Ontario considers changing daycare ages and staff-child ratio
Theglobeandmail.com
March 8, 2016
By Jeff Gray and Adrian Morrow
Ontario’s proposed changes to daycare rules could force some providers to stop accepting infants under one year old, the City of Toronto’s top childcare bureaucrat is warning.
The province is proposing to reduce the age at which infants move up to the toddler room to 12 months from the current 18 months, and to reduce the staff-child ratio for infants under 12 months to three adults for every nine children from three adults for every 10 children. The province will also require that toddler rooms be larger.
“What we think now is most operators will opt out of providing infant care if this is passed,” said Elaine Baxter-Trahair, the City of Toronto’s general manager of children’s services, which directly operates 50 daycare centres and subsidizes thousands of other spaces in childcare centres operated by other agencies.
Some Toronto daycare centres that are in older buildings or schools will not be able to enlarge their toddler rooms, she said, and the new lower staff-to-child ratio will leave some of them financially strapped. She said the “unanticipated consequences” of the proposed changes could cancel out the 300 new infant spaces the city has recently created.
Ms.
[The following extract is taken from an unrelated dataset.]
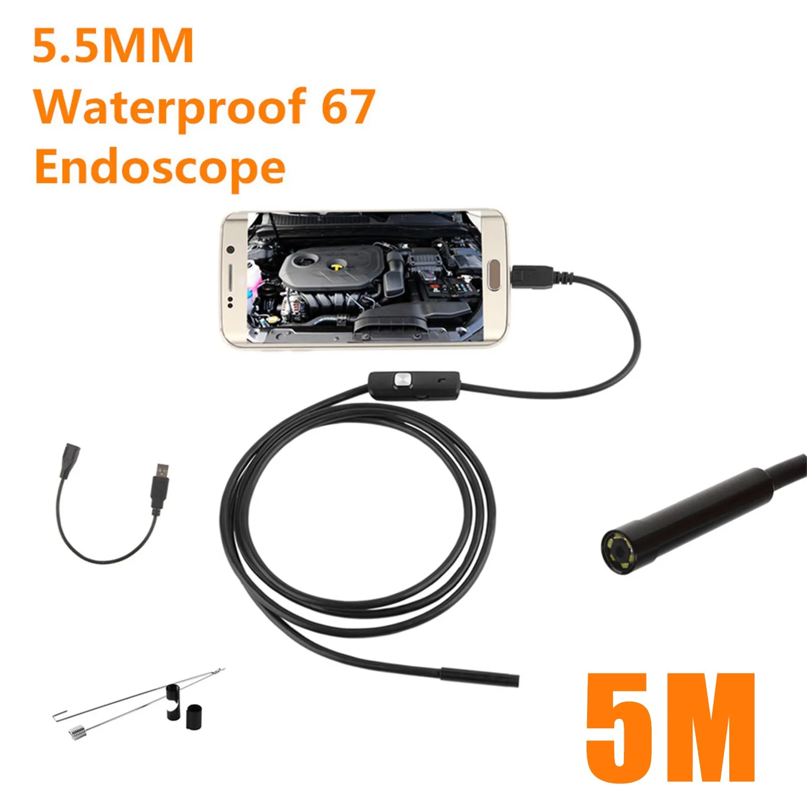 5,5 мм эндоскопическая Камера Гибкая IP67 водонепроницаемая камера-бороскоп для Android USB PC Notebook 6 светодиодов
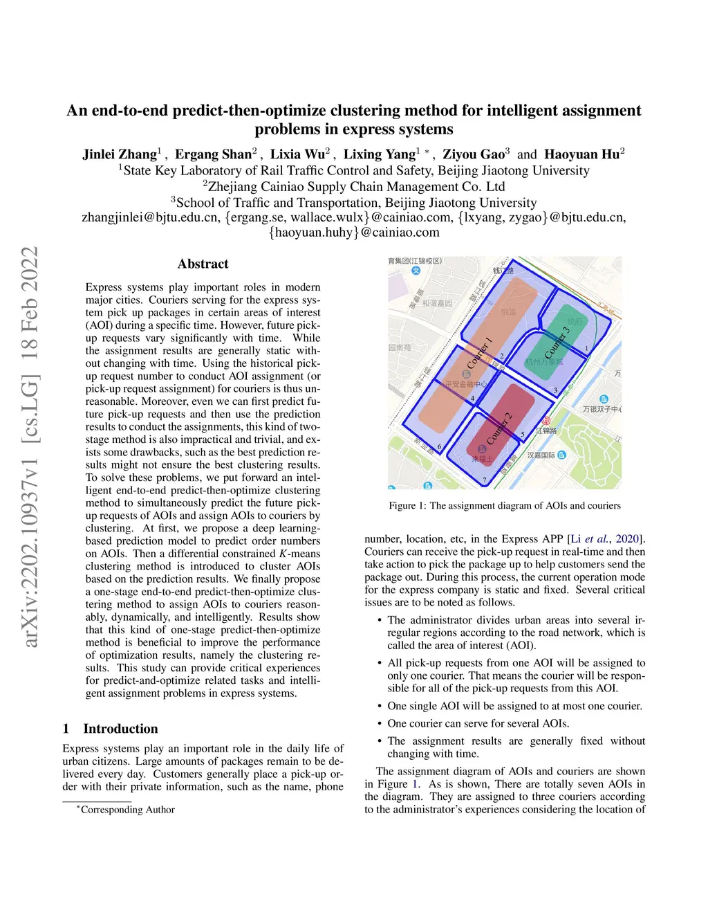 Express systems play important roles in modern major cities. Couriers serving for the express system pick up packages in certain areas of interest (AOI) during a specific time. However, future pick-up requests vary significantly with time. While the assignment results are generally static without changing with time. Using the historical pick-up request number to conduct AOI assignment (or pick-up request assignment) for couriers is thus unreasonable. Moreover, even we can first predict future pick-up requests and then use the prediction results to conduct the assignments, this kind of two-stage method is also impractical and trivial, and exists some drawbacks, such as the best prediction results might not ensure the best clustering results. To solve these problems, we put forward an intelligent end-to-end predict-then-optimize clustering method to simultaneously predict the future pick-up requests of AOIs and assign AOIs to couriers by clustering. At first, we propose a deep learning-based prediction model to predict order numbers on AOIs. Then a differential constrained K-means clustering method is introduced to cluster AOIs based on the prediction results. We finally propose a one-stage end-to-end predict-then-optimize clustering method to assign AOIs to couriers reasonably, dynamically, and intelligently. Results show that this kind of one-stage predict-then-optimize method is beneficial to improve the performance of optimization results, namely the clustering results. This study can provide critical experiences for predict-and-optimize related tasks and intelligent assignment problems in express systems.

Baxter-Trahair said the changes will also make infant care more expensive for parents and for the city, while making care for children older than a year cheaper.
Education Minister Liz Sandals defended the proposed changes, contending they will dramatically increase the number of daycare spots in licensed providers for one-year-olds from 11,000 to 30,000 by putting them into the toddler rooms. She said the province is simply re-jigging the age groups to match demand.
Ms. Sandals said that, because of full-day kindergarten, four- and five-year-olds are leaving daycare earlier than before, while one-year parental leaves mean fewer children under a year are in care. This has thrown the current system’s numbers out of whack.
“The most common point at which parents are starting to look for childcare now is as they reach the 12-month point. So we know that the old ratios don’t actually match the practice of what parents are asking for,” she said at Queen’s Park on Monday. “What we’re doing is we’re responding to the demand from parents to have more spaces available at the 12-month mark.”
She also countered suggestions that one year and two years is too great an age gap to have in the same room by pointing out that the age gap is even bigger on the other end.
“If you stop and think about it, if you’ve got a little newborn who can’t do anything and an 18-month-old, they’re actually quite different people in the groupings we’ve got now,” she said.
But Ms. Baxter-Trahair said the average age of a baby entering Toronto’s childcare system is still eight months, as many single mothers, or those with low-paying or precarious jobs, cannot afford to take their full 12-month leaves.
Those children would spend just four months getting used to new caregivers in the revised system before they graduated to toddler rooms with different staff. And critics warn that, once they were sent to toddler care, the wide age gap between 12-month-olds and two-year-olds would result in degraded service.
Toronto City Councillor Janet Davis, a long-time childcare advocate, called the changes to infant age groupings unacceptable: “What this is going to do is put babies, who are not yet walking for instance and haven’t reached other developmental stages, in with older children in a way that will, I think, really jeopardize the quality of care for those children.”
She said the province is clearly trying to improve access for parents, but should not do it by compromising quality: “I suspect the province is trying to reduce the price and improve access, but it shouldn’t be done at the expense of quality and the developmental needs of young children.”
The city is consulting daycare operators, experts and parents on its official response to the province’s proposal.